The Business Impact of Changing Worldviews

Many great companies that have fallen share a common characteristic: they did not see their irrelevance coming. They did not look up and revise their view of the world. Their world became stale and the reality around them was rapidly changing.

While most companies believe they are doing fine according to P&L sheets, metrics we commonly use as a life source of our companies, in different conditions and in the middle of a market transformation these metrics are unreliable.

This is where exploratory methods are drastically needed in business: when quarterbacks need to focus on making sense of their world. Large companies like P&G, Fannie Mae, GE, Windows, Wells Fargo, Petco, Ford, HP, Virgin, Redbox, NorthFace, Intel, Clark Realty Capital, Nemours Children’s Hospital, Walgreens, Converse, and others use exploratory partners and processes to understand the world.
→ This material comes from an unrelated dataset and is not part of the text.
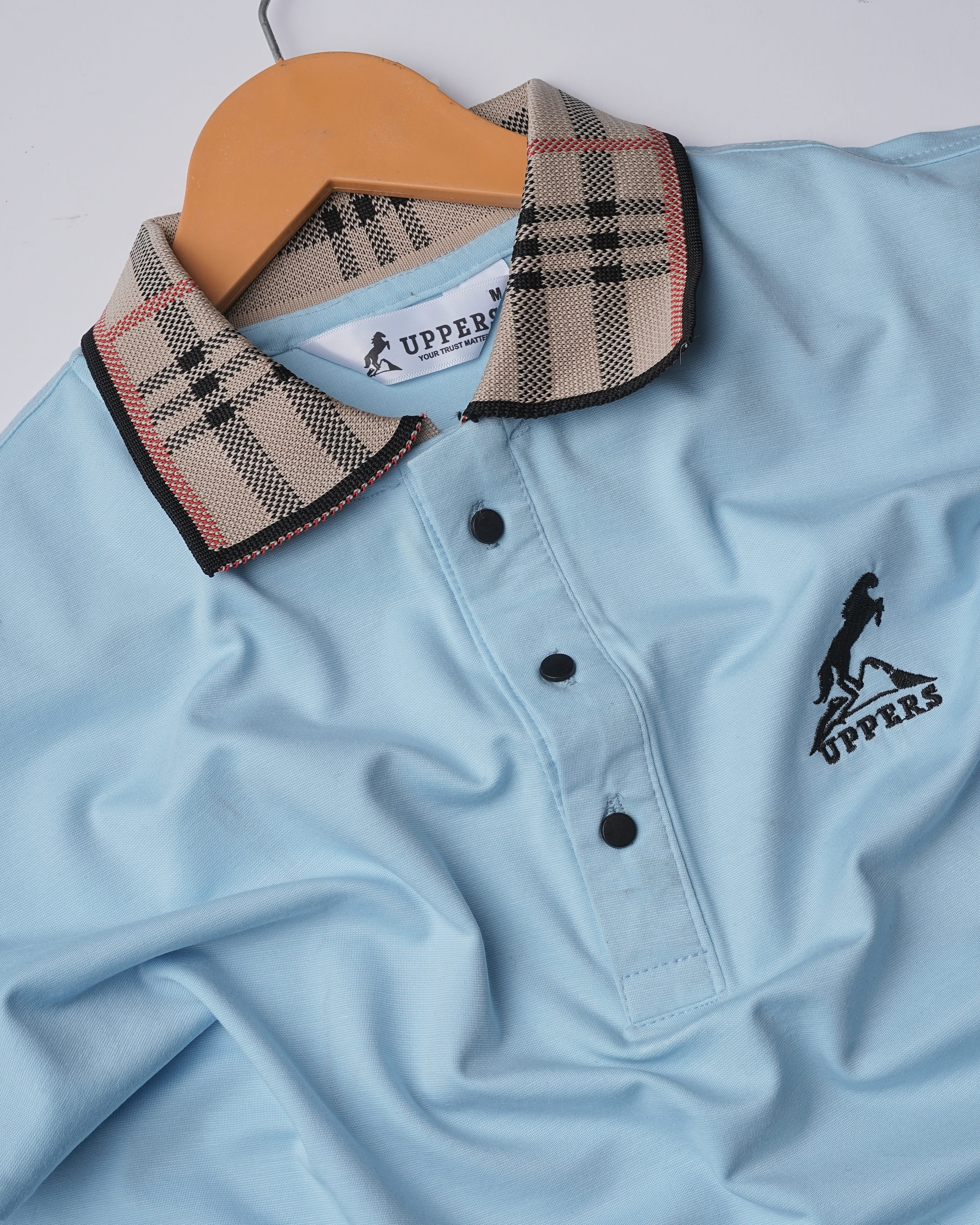 Imported Men's Classic Light Blue Polo T-Shirt with Red and Navy Blue Contrast Tipping – Casual Wear

Their partners focus on the social sciences and how they apply to business.

We must understand that the other team or the field of play is not the problem, it is the processes, values, and our business perspectives that create the problems. As theoretical physicist Albert Einstein says, “No problem can be solved from the same level of consciousness that created it.” This means you must use a very different set of tools to understand what’s next for your company.

Exploring the world. Immersing in the wide lens. Disrupting your assumptions. Utilizing a beginner’s mind. Abductive and inductive reasoning. This goes against what is taught in most business schools, but it’s also what has saved massive companies like P&G and many others.

[pullquote align=”right”]“… It would be a sad situation if the wrapper were better than the meat wrapped inside it.”[/pullquote]In today’s business world, we must focus on solving human needs. Instead of focusing all of our efforts on persuasion, like discounts and advertising, we need to explore the world and rethink our assumptions, constantly readjusting them to keep our minds fresh.

The transforming market, the increasing complexity in human needs, the increase in customer touch points, and the vast globalization of the market is causing all types of ruptures and the changes aren’t stopping. When any of these symptoms begin to be a normal part of your company’s meetings you need to be diligent and accept that you may need to pivot, even your core business model.

 

Christian Ramsey is an ethnographer and strategist at ESP Collective which specializes in applied social science and design thinking to help businesses and organizations grow through innovation in today’s ever-changing landscape. Connect with ESP Collective on Twitter.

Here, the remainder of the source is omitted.